In the entries that follow, repeat exactly the lines from the one that has "Die großzügige Dachterrasse" through the one that has "Приём груза в", but omit pictures.

** Opening Data block **

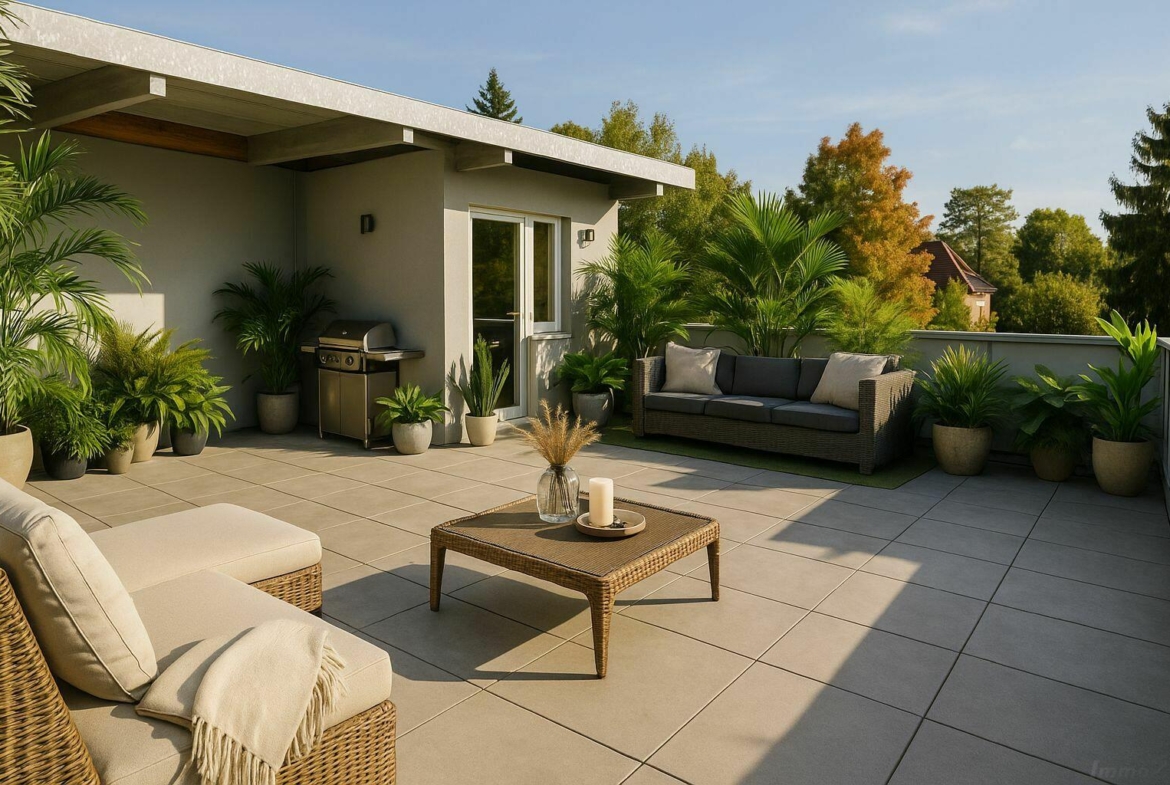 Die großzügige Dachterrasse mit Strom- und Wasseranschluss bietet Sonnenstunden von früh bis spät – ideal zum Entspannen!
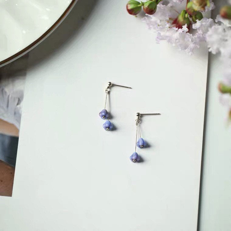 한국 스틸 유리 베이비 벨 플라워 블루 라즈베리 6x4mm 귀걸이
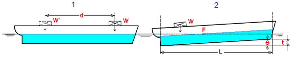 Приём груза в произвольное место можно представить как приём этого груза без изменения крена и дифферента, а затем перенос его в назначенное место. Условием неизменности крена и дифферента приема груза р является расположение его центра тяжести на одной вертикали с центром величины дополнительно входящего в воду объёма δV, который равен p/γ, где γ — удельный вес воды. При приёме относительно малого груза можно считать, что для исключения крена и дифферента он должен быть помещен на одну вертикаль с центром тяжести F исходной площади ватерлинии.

** Closing Data block **
** Opening Data block **

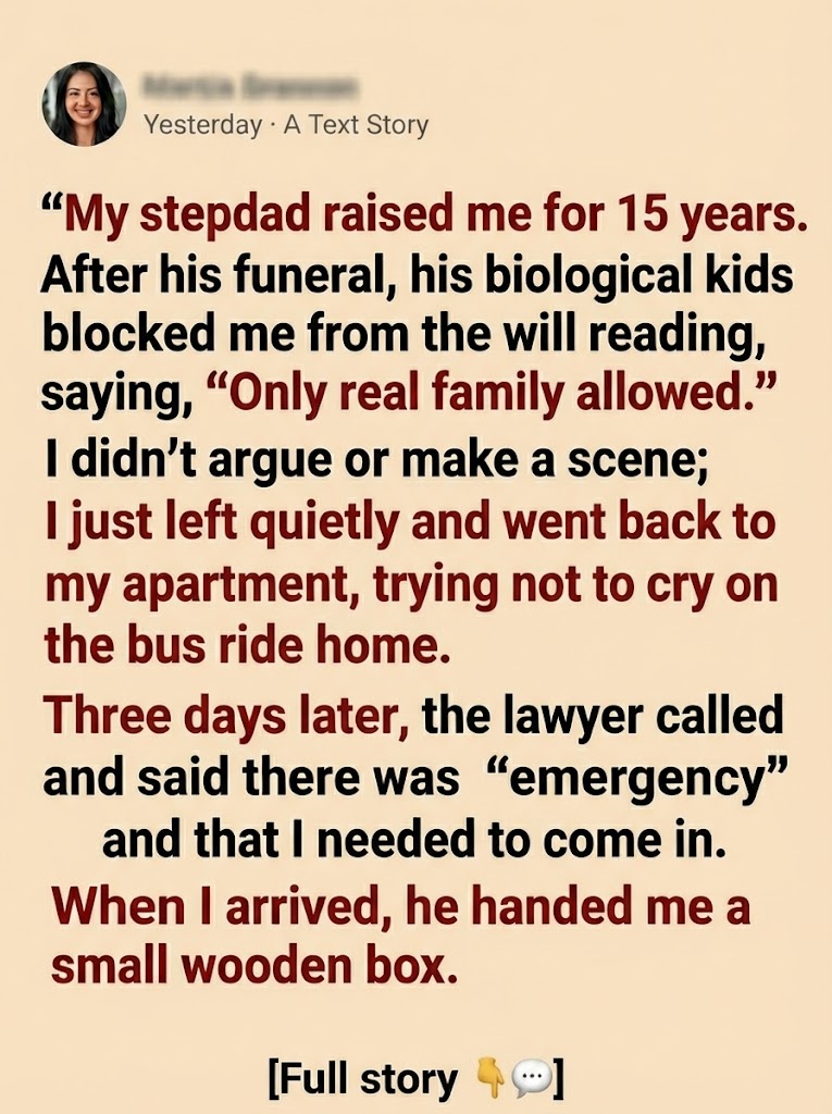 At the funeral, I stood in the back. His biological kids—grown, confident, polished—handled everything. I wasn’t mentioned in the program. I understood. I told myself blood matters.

** Closing Data block **

Result for this exercise
 Die großzügige Dachterrasse mit Strom- und Wasseranschluss bietet Sonnenstunden von früh bis spät – ideal zum Entspannen!
 한국 스틸 유리 베이비 벨 플라워 블루 라즈베리 6x4mm 귀걸이
 Приём груза в произвольное место можно представить как приём этого груза без изменения крена и дифферента, а затем перенос его в назначенное место. Условием неизменности крена и дифферента приема груза р является расположение его центра тяжести на одной вертикали с центром величины дополнительно входящего в воду объёма δV, который равен p/γ, где γ — удельный вес воды. При приёме относительно малого груза можно считать, что для исключения крена и дифферента он должен быть помещен на одну вертикаль с центром тяжести F исходной площади ватерлинии.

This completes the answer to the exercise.